Разлетелись по свету его ученики — и молва о художнике разнеслась по земле. Свет благодарности рождает огонь памяти — лучший памятник человеку.
Однажды он записал в своей записной книжке: «Я давно родился на земле...». Эта запись мне вспомнилась, когда я, поднявшись на шабалу, посмотрела вдаль. В той первозданной земной красоте, которая мне открылась, невольно ощущаешь себя частицей природы, может, даже всего мироздания. Возникает чувство причастности к вечному, бессмертному.
Здесь зарождалась его любовь к красоте, кристальность души и чистота искусства. Он здесь обретал крылья, которые дал другим.
...Если бы вышел сейчас из дома, сел бы под своими любимыми тополями и непременно спросил бы собеседника:
— Слышишь что-нибудь?
— Слышу...
— А что слышишь-то?
— Вроде музыка какая...
— Молодец, хорошо слышишь, — обрадовался бы Ефим. — Это тополя поют...
В этих углах... выживается как будто совсем другая жизнь, непохожая на ту, которая возле нас кипит, а такая, которая может быть в тридесятом царстве неведомом, а не у нас, в наше серьезное-пресерьезное время. Вот эта-то жизнь и есть смесь чего-то чисто фантастического, горяче-идеального и вместе с тем... тускло-прозаичного и обыкновенного...
Ф. М. Достоевский
Жил на свете рыцарь бедный...
Биография великого человека не всегда бывает равна его судьбе. Случается, что судьба уже очертилась ясно и прославила имя человека сначала в узком кругу специалистов, а там и в широком художественном мире, а биография еще только-только проясняется из медленно собирающихся документов.

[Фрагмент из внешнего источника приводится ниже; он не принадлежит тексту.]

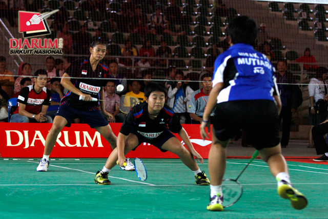 Cynthia Shara/Ramadhani Hastiyanti (PB Djarum) bersiap menghadang serangan yang dilepaskan Nisak Puji Lestari/Rika Rositawati (Mutiara Bandung).
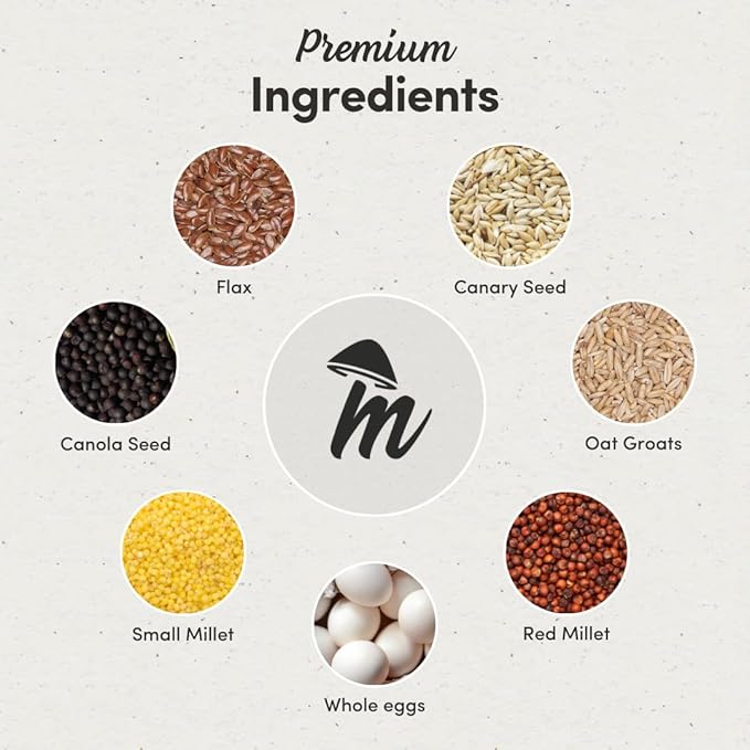 - Energy-Dense Formula for Active Wild Birds: Packed with small millet, canary seed, oat groats and whole eggs, this mix fuels the high-energy needs of active finches and sparrows, keeping them healthy and lively.
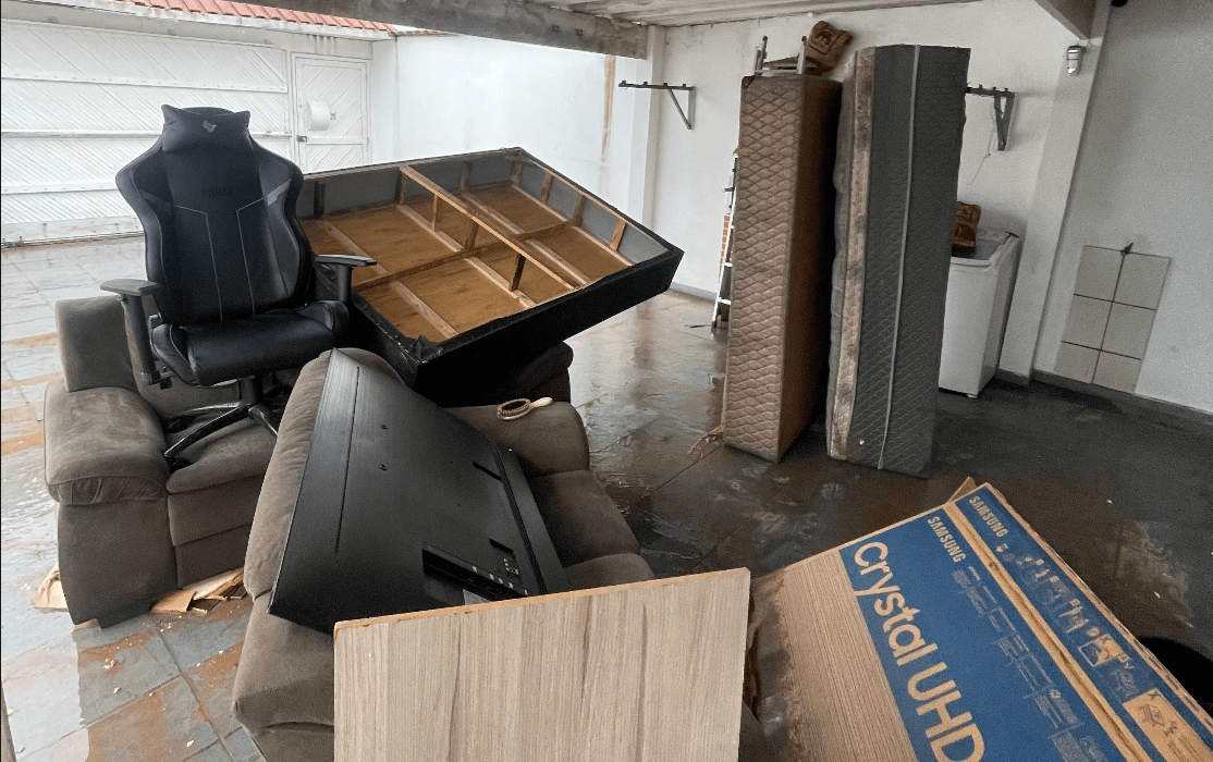 Na casa de Borges, moram outras sete pessoas, incluindo crianças e a avó. A quantidade de água que invadiu a casa foi suficiente para estragar grande parte da mobília da família. “Perdemos três máquina de lavar, duas geladeiras, mesa, sofá, cama, colchão, meu computador. Entrou água nos dois carros da minha família. Não tive nem tempo de somar o prejuízo. É uma situação de impotência, não desejo isso para ninguém”, comenta.
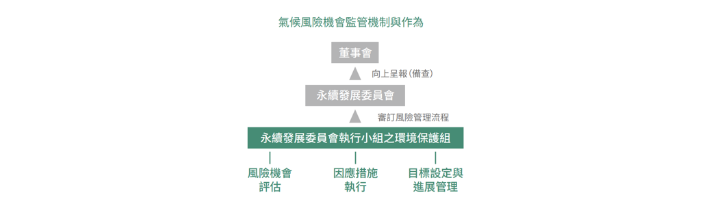 長榮航太為積極強化永續經營理念與環境永續的治理機能,2023年經董事會決議於董事會下設「永續發展委員會」,作為長榮航太永續治理的最高指導單位,並致力於將氣候變遷相關治理方針、管理制度及業務流程整合至企業既有治理架構。

Именно так случилось с Ефимом Васильевичем Честняковым.
Он умер двадцать лет назад, в пору, когда человечество уже как будто выучилось ценить своих широко одаренных детей, и мечтатели восславлялись вровень с философами и, казалось, забвение уже никогда не властно будет распоряжаться памятью о талантливом человеке. Хищная Лета должна была вот-вот обмелеть, оставшись только на картах мифологии. Однако Честняков ушел из жизни неслышно для большого мира. Только окрестные старухи запомнили ключ, из которого он брал воду и сочли ее целебной, да деревенские наведывались на его могилу и брали понемногу земли, чтобы приложить к больному месту, потому что знали, что человек был не простой, и по старой традиции легко связывали эту «неотмирность» человека с чудотворством. Биография, не успев сложиться, обратилась в житие со всей заданностью этого жанра.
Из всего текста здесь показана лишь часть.